▸ WHAT YOU WILL DO
Reproduce the listing exactly and skip over any pictures.
---- GIVEN INFORMATION
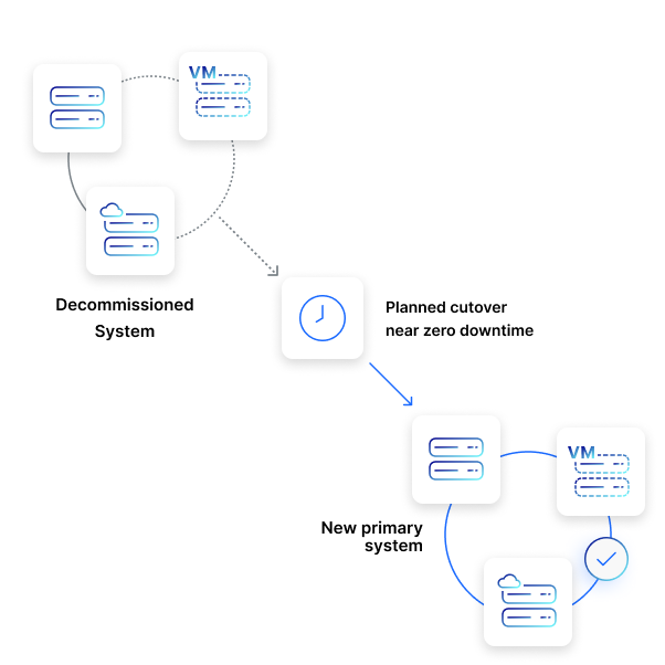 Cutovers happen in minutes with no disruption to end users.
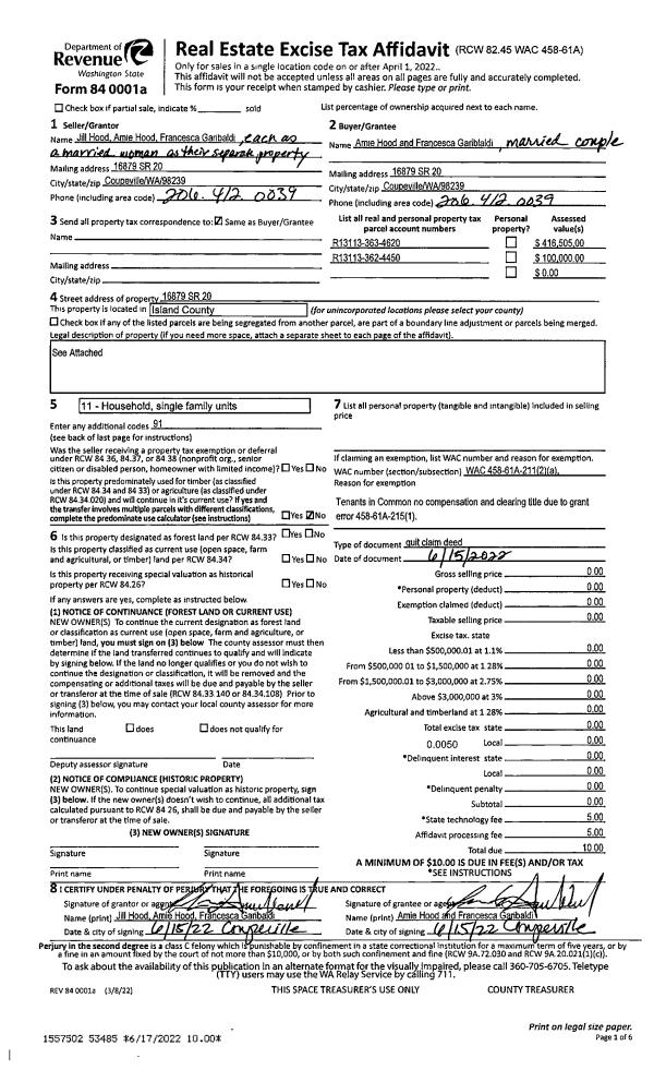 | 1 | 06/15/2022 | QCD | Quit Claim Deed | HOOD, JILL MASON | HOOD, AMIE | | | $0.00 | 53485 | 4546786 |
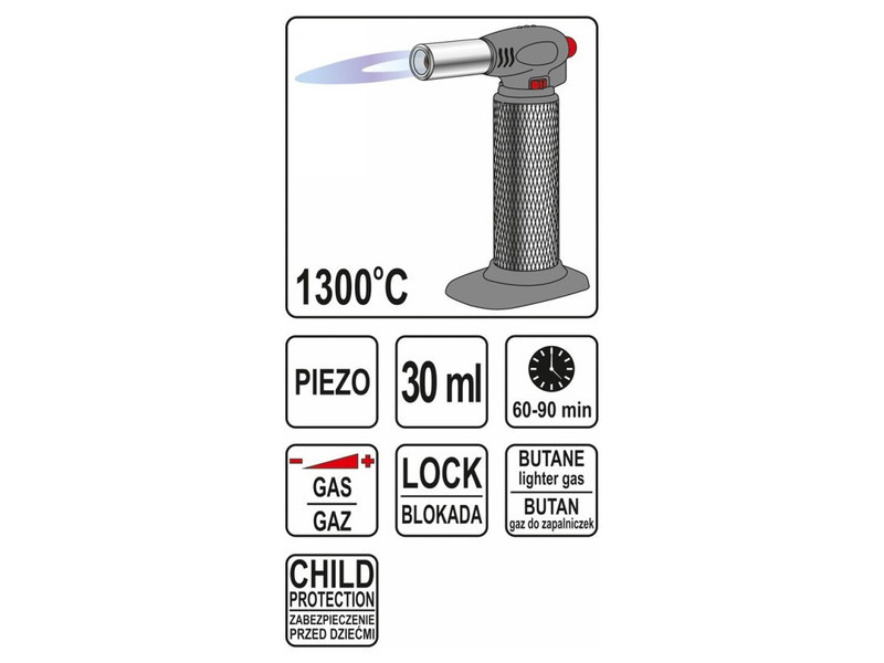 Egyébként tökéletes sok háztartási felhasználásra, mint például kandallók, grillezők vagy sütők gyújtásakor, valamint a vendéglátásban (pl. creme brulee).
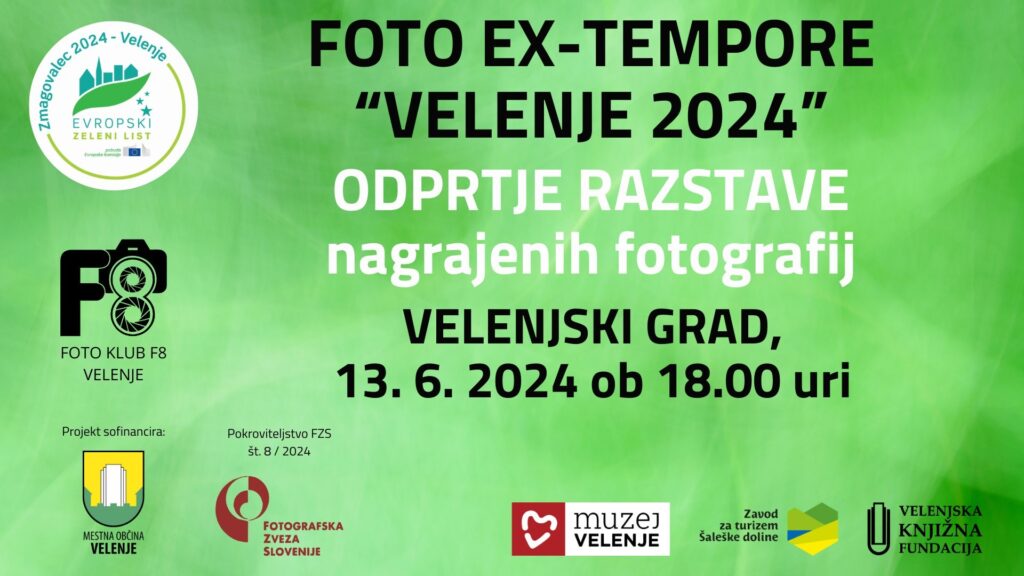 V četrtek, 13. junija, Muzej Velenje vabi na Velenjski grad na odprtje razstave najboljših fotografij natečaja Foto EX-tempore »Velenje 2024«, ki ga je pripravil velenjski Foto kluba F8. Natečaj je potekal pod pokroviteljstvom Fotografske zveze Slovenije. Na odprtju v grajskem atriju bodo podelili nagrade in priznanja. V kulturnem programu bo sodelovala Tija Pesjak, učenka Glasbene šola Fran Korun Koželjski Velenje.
--------
▸ ANSWER FOR THIS EXERCISE
 Cutovers happen in minutes with no disruption to end users.
 | 1 | 06/15/2022 | QCD | Quit Claim Deed | HOOD, JILL MASON | HOOD, AMIE | | | $0.00 | 53485 | 4546786 |
 Egyébként tökéletes sok háztartási felhasználásra, mint például kandallók, grillezők vagy sütők gyújtásakor, valamint a vendéglátásban (pl. creme brulee).
 V četrtek, 13. junija, Muzej Velenje vabi na Velenjski grad na odprtje razstave najboljših fotografij natečaja Foto EX-tempore »Velenje 2024«, ki ga je pripravil velenjski Foto kluba F8. Natečaj je potekal pod pokroviteljstvom Fotografske zveze Slovenije. Na odprtju v grajskem atriju bodo podelili nagrade in priznanja. V kulturnem programu bo sodelovala Tija Pesjak, učenka Glasbene šola Fran Korun Koželjski Velenje.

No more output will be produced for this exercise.